There are two types of power supplies: alternating current (AC) and direct current (DC). AC or DC power may be used depending on the electrical requirements of the gadget. For example, if a cell phone needs both AC and DC power, it would use a dual-voltage power supply.
AC power is given off by power stations using large generators that run on steam or diesel fuel. The power is transmitted over long distances through conductors called lines. Power stations usually provide electricity from 100 volts to 240 volts at a frequency of 60 cycles per second. This is called single-phase power. Three-phase power is also available but this is less common.
DC power is produced by small battery-powered devices such as radios and wristwatches. These days, most small electronic devices use AC/DC converters to work with domestic mains power. The main advantage of DC power is that it does not suffer from noise induced by high-frequency fluctuations in voltage that occur with AC power. Also, it cannot cause electromagnetic interference (EMI) that can interfere with other devices. However, these advantages are generally outweighed by the need for larger batteries for DC gadgets compared with their AC counterparts.
The type of power supply needed depends on the electrical requirements of the device you are building.
Power supply transform electricity. There are two types of power supplies: DC-DC and AC-DC. DC-DC power supplies allow you to plug electrical gadgets into automobile outlets or other direct current, or DC, power sources. These power supply, however, are not the most widely utilized. The majority of devices require alternating current, or AC, for proper operation.
AC-DC power supplies convert alternating current (AC) into direct current (DC). They can be further divided into three main categories: linear regulators, switch-mode power supplies, and inverters. Linear regulators produce an almost constant voltage level from a relatively low battery source. They are useful when maximum efficiency is important, such as in cell phones and laptops. Switch-mode power supplies use one or more switches to control how the energy from the AC line is routed to the device's terminals. These supplies are very efficient, but they can only operate on one circuit at a time. Inverters change DC power into AC power. They are used in situations where pure DC is needed, such as in small appliances and office equipment. In general, inverters are less expensive than AC-DC power supplies and are often included as part of a multi-function product that includes both AC and DC power outputs.
The type of power supply used with any given electronic device determines what kinds of batteries it can run off of.
A power supply is an electrical device that provides electricity to a load. All power supplies have a power input connection that takes energy from a source in the form of electric current and one or more power output connections that provide current to the load. The power supply controls the amount of current provided to the load according to requirements of the load and any protection circuitry included in the design of the power supply.
Power supplies can be divided into two main categories based on the source of their power: switch-mode power supplies (SMPS) and linear power supplies. A switch-mode power supply uses a switching mechanism to control the flow of current to the load, while a linear power supply produces a constant voltage level with variable amperage. Some hybrid power supplies use features of both types of power supplies to achieve greater efficiency than either type by itself.

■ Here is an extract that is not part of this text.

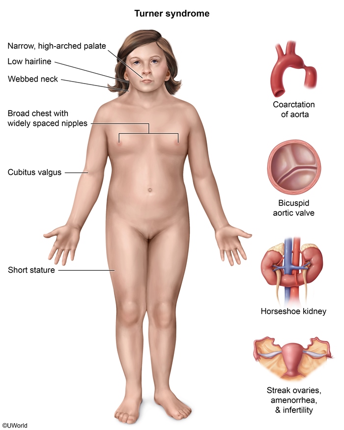 Patients with TS typically have ovarian dysgenesis, leading to "streak ovaries" (small ovaries with little to no follicles) and primary ovarian insufficiency. Because ovaries normally produce estrogen, patients with TS are estrogen deficient, which leads to amenorrhea and minimal or no breast development (thelarche). Estrogen also inhibits osteoclast-mediated bone resorption; therefore, patients with TS have increased bone resorption, decreased bone mineral density, and increased risk of osteoporotic fracture. Estrogen replacement therapy is given to girls with TS to promote normal sexual maturation and reduce the risk of osteoporotic fractures.
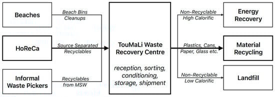 At the core of the TouMaLi pilot project is a waste recovery centre, managed by a newly established company with shared ownership between the municipality, a local waste management company, and the tourism sector (e.g., tourism associations). Figure 4 illustrates the waste flows of the TouMaLi Waste Recovery Centre. The technical approach emphasizes improved waste segregation at the source to increase recycling rates and overall waste management efficiency. To facilitate this, hotels are provided with bins for five distinct waste streams:

Linear power supplies are used when the output voltage must be held constant despite changes in the load current. As the load demands increase, so does the current drawn from the battery. To keep the output voltage high enough for proper operation of the load, more energy needs to be delivered from the battery. Most batteries have a limited capacity compared to the load, so this type of power supply will eventually run out of juice if not changed. Switch-mode power supplies are used when greater efficiency is desired over a constant load current.
An electrical power supply is a device that supplies energy to electrical or electronic devices. It can be divided into two main categories: direct current (DC) and alternating current (AC). A DC power supply produces a constant voltage no matter how much current is drawn from it. An AC power supply produces a constantly changing voltage, which means it can output more power at lower currents than a DC power supply of the same size. The voltage produced by an AC power source such as a wall socket varies between a high-amperage peak value and a low-amperage off-peak value.
Electrical power is the flow of electrons through a conductor such as a copper wire. Electrical power is generated by any number of different methods, but all methods require force to be applied to the conductor in order to move it and thus generate power. This force may be provided by any number of different mechanisms, but usually it is provided by some type of engine or motor. For example, steam engines, gas turbines, and electric motors all apply force to conductors to generate electricity.
Electricity is the flow of electrons through a conductor such as a copper wire. Electricity is transmitted to homes and businesses across vast distances using power lines.